Maybe that's the problem, you are too "chilled".

No affection towards you but other males usually means > she doesn't care about you/love you. And the other way around towards "male" friends.



barns1 said:


> Recently she went out with a group of entirely male colleagues and came in very late and very drunk. Again not really a problem, except that if things were the opposite way around and I spent a late/drunk night out with the office girls I would be in trouble!!!!.


How is this "not really a problem"? A woman that has a history of cheating is going out with male "friends"?

Think about that for a bit.

First off, even for NONE cheating married women. It is COMPLETELY inappropriate and disrespectful to be going out with ANY opposite sex friends.

Do you or your wife even realize that Males can't really be friends with Females without physical /sexual attractions?

Does she realize they just want to bang her? Do YOU???

And to get drunk without you there? Both she and YOU are asking for trouble.
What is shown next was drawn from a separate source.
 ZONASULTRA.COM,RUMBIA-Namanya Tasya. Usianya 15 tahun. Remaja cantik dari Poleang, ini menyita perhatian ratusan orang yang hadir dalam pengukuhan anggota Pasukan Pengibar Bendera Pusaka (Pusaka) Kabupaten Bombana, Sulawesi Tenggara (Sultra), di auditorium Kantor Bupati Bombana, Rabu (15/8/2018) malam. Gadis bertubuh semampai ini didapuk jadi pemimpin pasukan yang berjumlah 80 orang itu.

It would be safe to say that she has already cheated on you again......it should ASSUMED



barns1 said:


> Shortly after this I decided to confront her about why her affection is focussed elsewhere and that lead to a much deeper discussion where she admitted that she was not happy with our marriage and hasn't been for a while. We talked a lot - my eyes were opened to her feelings (and hers to mine), and we both agreed what was wrong and to agreed to make it right.
> 
> OK - so all good so far, right?
> 
> ...


Of course it's fair to ask her to stop.

In most relationships, Opposite sex relationships are a no go (I know it is in mine). Not because I don't trust my wife, it's simply because I know how human nature works. If you are around someone/certain environment long enough, you will fall in time.

It is COMPLETELY inappropriate and disrespectful for her to engage in such relationships while married to you. At work it should ONLY be work related and outside of work there should be NO relationships with males either.

She sounds like she is married to you for kids and completely gave up on your marriage/doesn't care/does what she wants.

You deserve WAY better than that.

She should be working EXTREMELY hard to regain your trust. She is currently doing the opposite.

I always like to recommend to keep the marriage going, but in your case, I would say that you are dealing with a completely selfish and inconsiderate woman/person. I would not put up with that and start collecting as much evidence as possible before going to see a lawyer and filing for divorce. Install spy software on Phone/PC and monitor for good month or 2 /collect as much evidence as possible.

If you think there is hope (which I don't think you should)......start marriage counseling. But honest, the damage has been done. Everyone deserve a 2nd chance, but not 3rd. She is probably WAY past that point now.....

Your other choice is to be a push over and be cheated on your entire life while being in a "room mate" type of relationship.

What you have my friend is NOT marriage.

Also, it seems like you are doing WAY too much heart thinking. Forget about your heart and your feelings for her, think with the part of your body that suppose to do thinking.....your brain (PS. this is very common human trait)

Good luck


----------



## nuclearnightmare (May 15, 2013)

Chaparral said:


> You need to check her phone records for numbers she calls and texts a lot.
> 
> How do you know she is going out with the girls.
> 
> ...


This.

I see no reason to walk on egg shells with her about this stuff. no reason to put it to her nicely at all, in fact. she deserves the bluntness of something like:

"I need you to stop acting like a wh0re, so I can love you and trust you again"

if she has/had lost some respect for you then her reaction to a statement like that would not necessarily bring it all back. might even p*ss her off, make her blow up or take other actions. but there is nothing nice about the way she is treating you - so there should be nothing nice about you confronting her about it IMO.

its all on her to stop this crap. no other issues should be on the table until/unless she does that.....


----------